For $z^{3/4}$ the chosen branch of the logarithm admits arguments of zero and nearby, so this will contribute: Set $z \rightarrow r \mathrm{e}^{\mathrm{i}\theta}$. Then on $[0,3]$ we find $z^{3/4} \rightarrow r^{3/4}\mathrm{e}^{\mathrm{i}3\theta/4} \xrightarrow[\theta \rightarrow 0]{}r^{3/4} \cdot 1$.

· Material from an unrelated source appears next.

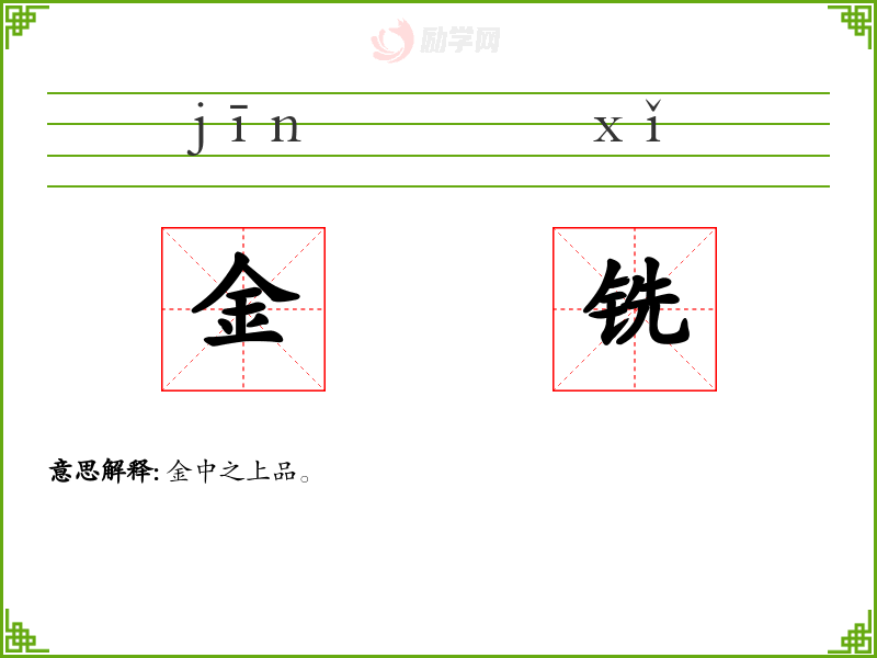 《说文》-金,五色金也。黄为之长。久埋不生衣,百錬不轻,从革不违,西方之行,生于土,从土左右。注:象金在土中形。 《尔雅·释地》-西南之美者,有华山之金石焉。 《易·妒》-系于金柅。 《书·禹贡》。注:“铜三色也。”-惟金三品。 唐·李朝威《柳毅传》-项掣金锁。

However, this can't work for $(3-z)^{1/4}$ since we only allow arguments $\geq 0$ or $\leq 2\pi$. Notice we have chosen to pay attention to $\arg(3-z)$ so the angles run "backwards" from the normal order, as indicated in the diagram with the "$2\pi$" and "$0$" seemingly in the wrong places around the loop at $z=3$. For the upper branch, $\arg(3-z)$ is near $2\pi$ and we compute $(3-r)^{1/4}\exp(\frac{1}{4}\cdot \mathrm{i} \cdot 2\pi) = (3-r)^{1/4}\cdot \mathrm{i}$. For the lower branch, $\arg(3-z)$ is near $0 = 0\pi$ and we compute $(3-r)^{1/4}\exp(\frac{1}{4}\cdot \mathrm{i} \cdot 0\pi) = (3-r)^{1/4} \cdot 1$. We're literally plugging the $r \mathrm{e}^{\mathrm{i}\theta}$ into the branch choices, moving out the $\log(3-r)$ because $3-r$ is real and seeing what the $\frac{1}{4}$ does to the $\mathrm{i}\theta$ that didn't get moved out.

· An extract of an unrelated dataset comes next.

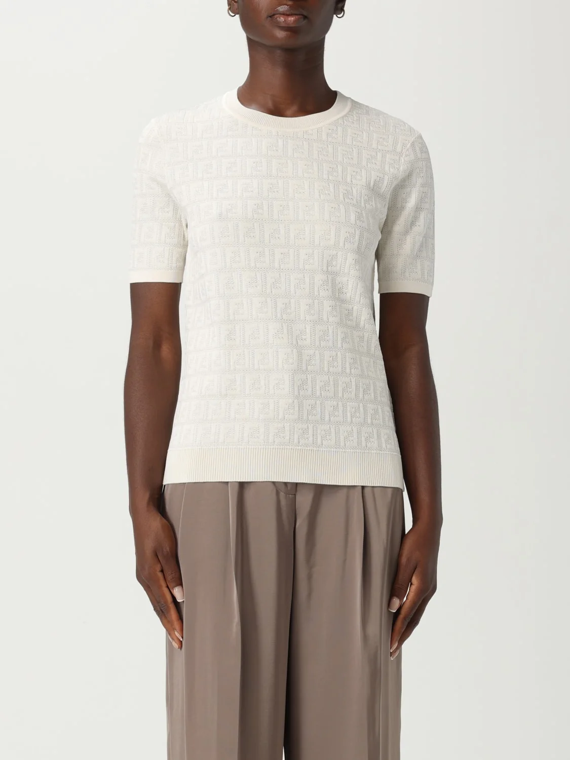DESCRIPTION - Style: Casual - Logo: FF monogram - Model: Crewneck - Neckline: Crewneck - Shoulders: Regular - Sleeves: Short - Bottom: With straight hemline - Materials: Cotton blend - Pattern: All-over monogram DETAILS AND CARE Composition not available SIZE AND FIT Sizes not available Size and fit Regular fit Designer code: FZXD57AUZR F0ZNM Giglio Code: H10959 Designer: Fendi Collection: Fendi Woman Category: Clothing Fendi

Not using the shortcut in the first paragraph, we would compute $r^{3/4}\exp(\frac{3}{4} \cdot \mathrm{i} \cdot (+0\pi)) = r^{3/4}\cdot 1$ and $r^{3/4}\exp(\frac{3}{4} \cdot \mathrm{i} \cdot (-0\pi)) = r^{3/4}\cdot 1$ by the same method as in the second paragraph.
Taking the products of the upper part with the upper part and the lower part with the lower part gives the stated results.

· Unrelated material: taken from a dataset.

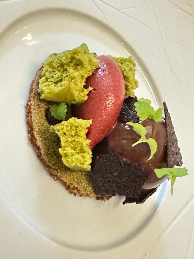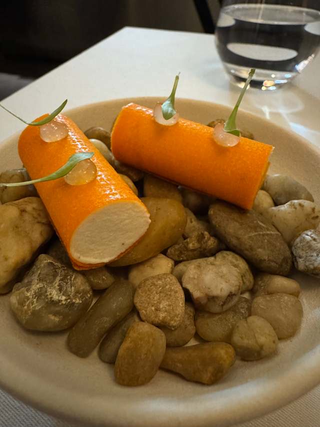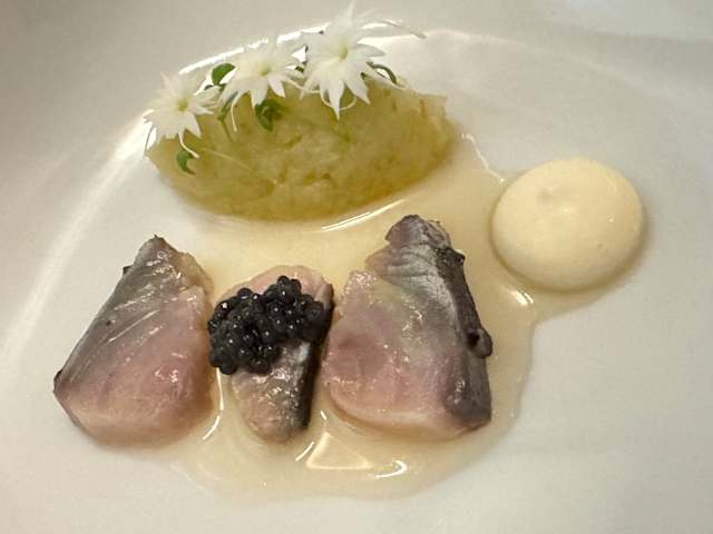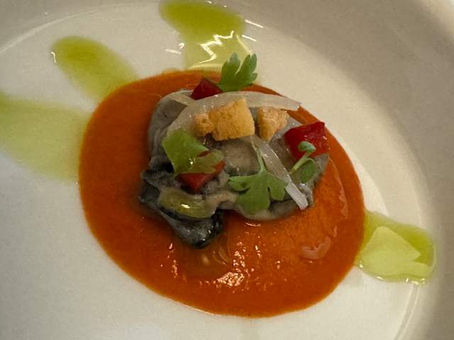 5.5/10I found the food a bit hit and miss. A number of the dishes were a bit too intense (acidic or salty) in their flavours, i. e. ‘brash’. Others were underwhelming in their flavour combinations. On the other hand, I usually find the meat dishes of tasting menus the dullest of the meal and Grenache’s wagyu beef was delicious. The service was efficient and friendly, but I did have to grab the water bottle a couple of times myself to refill. The seating was outdoors (summer) in lovely surroundings, but on a through street, which meant if you were seated close to it, you constantly had to witness parades of tourists lumbering past. We had actually moved there from the original table because it was right next to a speaker playing music that was a bit too loud (and clubby) for our taste, although that is the bane of most restaurants these days. They attempt to create atmosphere through music, instead of just letting the quiet din of dining guests set the tone.

I'm pretty sure that the article's "$r^\frac{3}{4}\exp(3\frac{0\pi \mathrm{i}}{4})$" is a typo. Or the "$r^\frac{3}{4}\exp(\frac{0\pi \mathrm{i}}{4})$" is. Either they should both bear the "$\frac{3}{4}$" from the power of $z$ from which they come or neither should. Perhaps the stray "3" should be a minus sign to indicate small negative arguments. I'm not sure. Either way, the result is dominated by the zero in the numerator, so the result is indistinguishable.